Is Cheating Contagious?

Academic dishonesty in law school is no small matter.

As one author reports, "The concern and awareness about academic misconduct is not unwarranted. Integrity is a cornerstone of the legal profession and statistics concerning cheating are real. Surveys have shown that seventy percent of high school and college students admit to having engaged in some form of cheating, and that forty-five percent of law students admit to having cheated.” See Caroline P. Jacobson, Academic Misconduct and Bar Admissions: A Proposal for a Revised Standard, 20 Geo.
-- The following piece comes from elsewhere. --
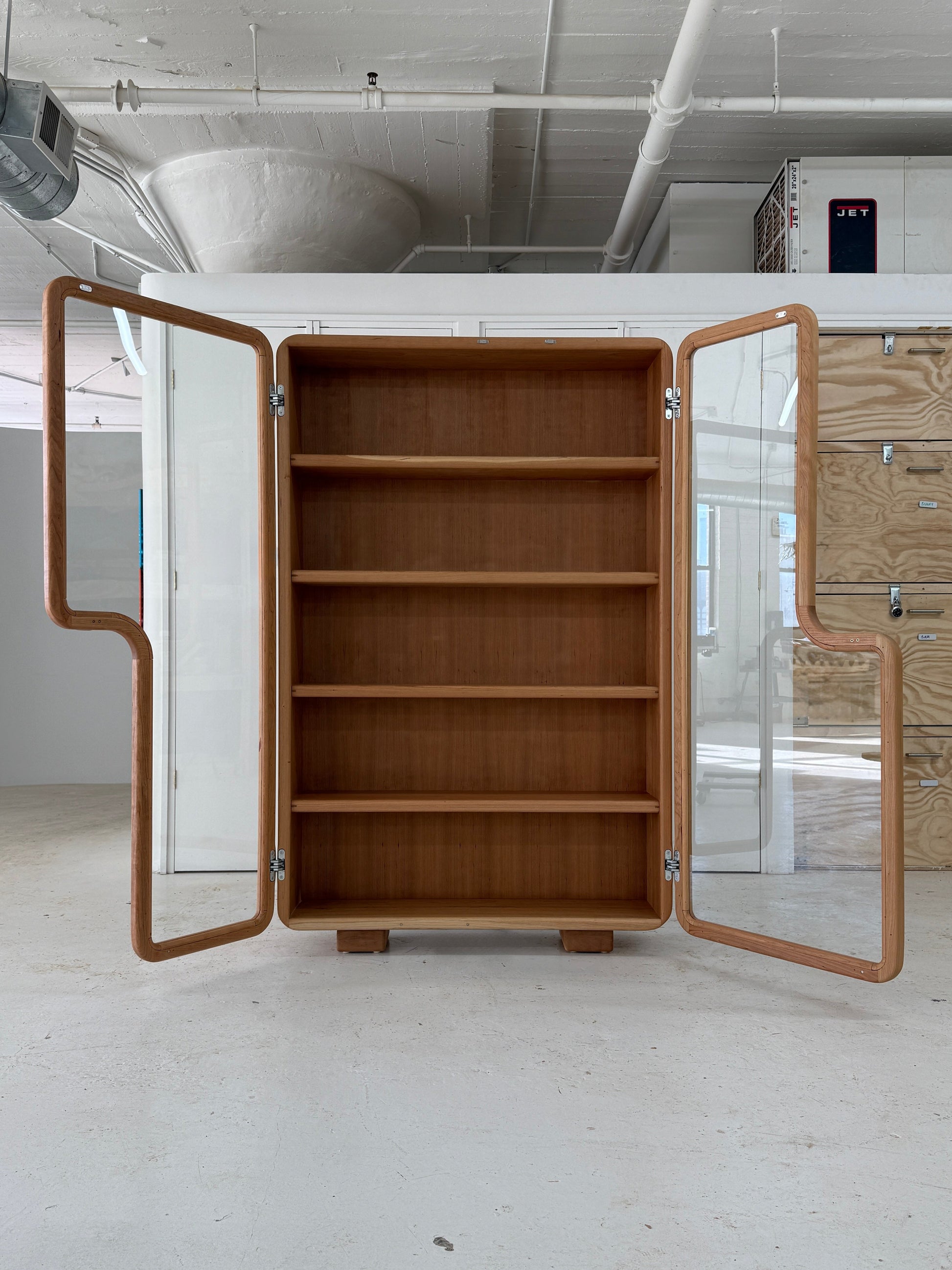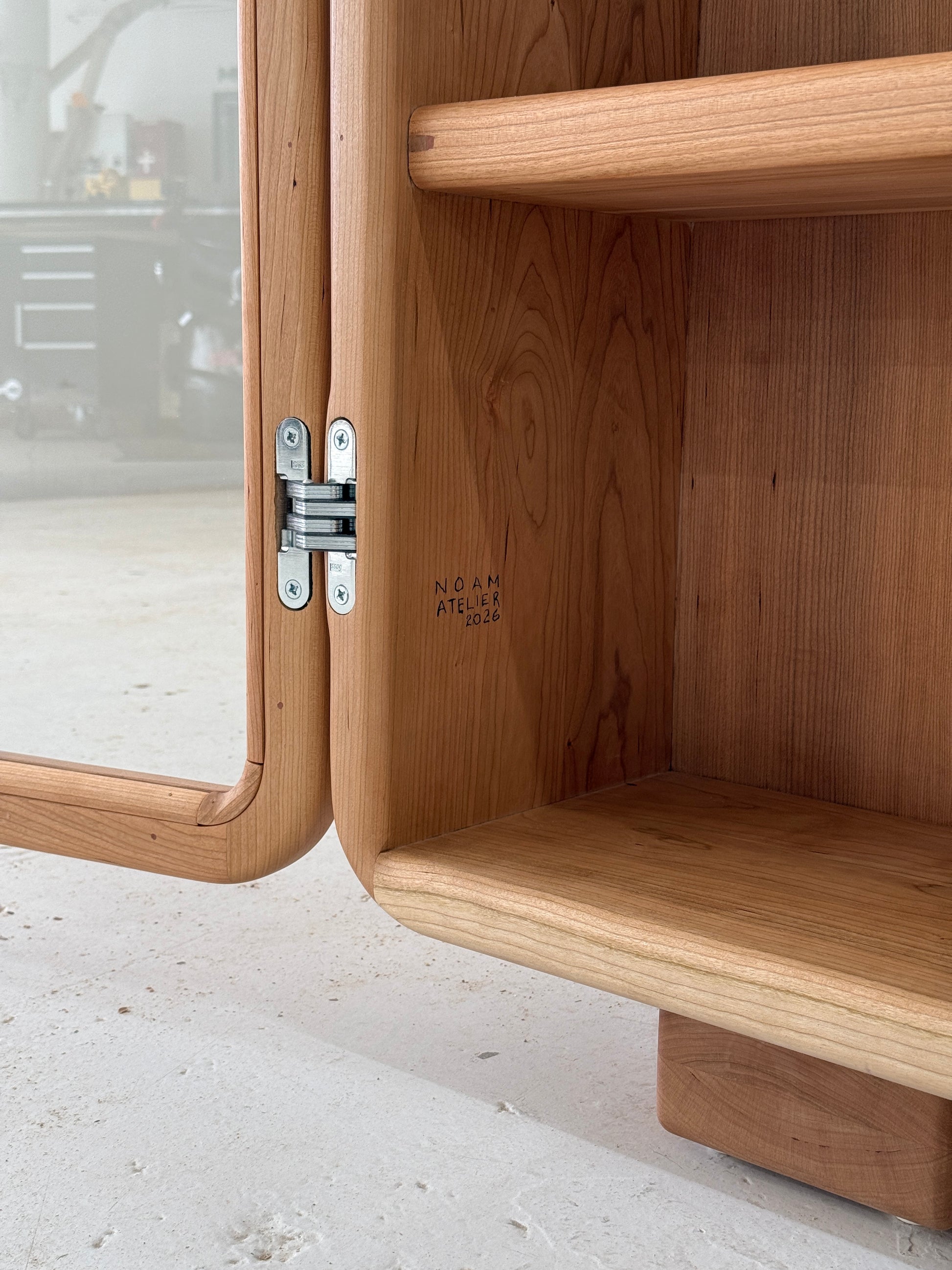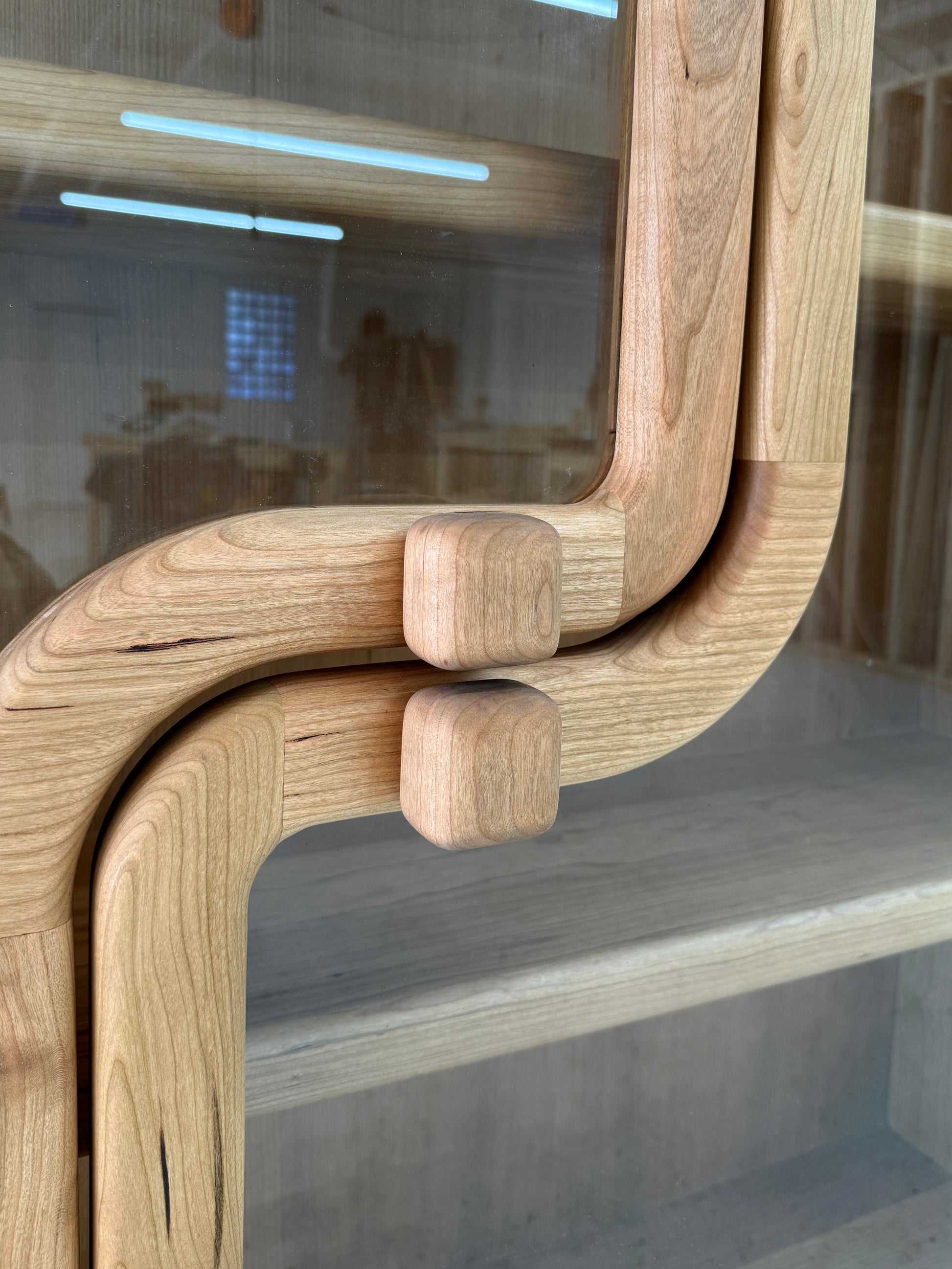The Toba Cabinet is a display cabinet handmade from cherry wood, featuring glass doors and inset chrome-plated hinges. Soft edges and playful curves create a sense of balance and beauty that set the piece apart in any environment. Built entirely from solid hardwood for heirloom quality, the cabinet can be wall-mounted with a concealed wooden cleat or used freestanding. Toba Cabinet is the perfect showcase for art objects, prized possessions, or as a focal point in any room.

J. Legal Ethics at 739 (2007).

But is cheating among students contagious?

According to an article on, new research suggests some interesting conclusions:

"The idea was to see how many of the students followed the cheater's example—to see if blatant dishonesty boosted cheating among students generally. And it did, dramatically. But the psychologists added another twist to the experiment: sometimes they had the actor wear the T shirt of a rival university, other times not. They wanted to see if the cheater's group identity—classmate or outsider—influenced the level of copycat cheating. That is, would students cheat more (or less) when they saw a rival cheat, as compared to seeing a compatriot cheat?

The results were unambiguous. As reported in the March issue of Psychological Science, fellow classmates had much more influence than outsiders. Indeed, seeing a rival cheat actually lowered the level of overall cheating slightly—compared to students who simply cheated on their own initiative, without any prodding. These findings argue against the "cold calculation" theory of cheating. After all, if the students only weighed the can-I-get-away-with-it factor, then they would have been influenced equally by the successful cheating of both compatriot and outsider. And they weren't."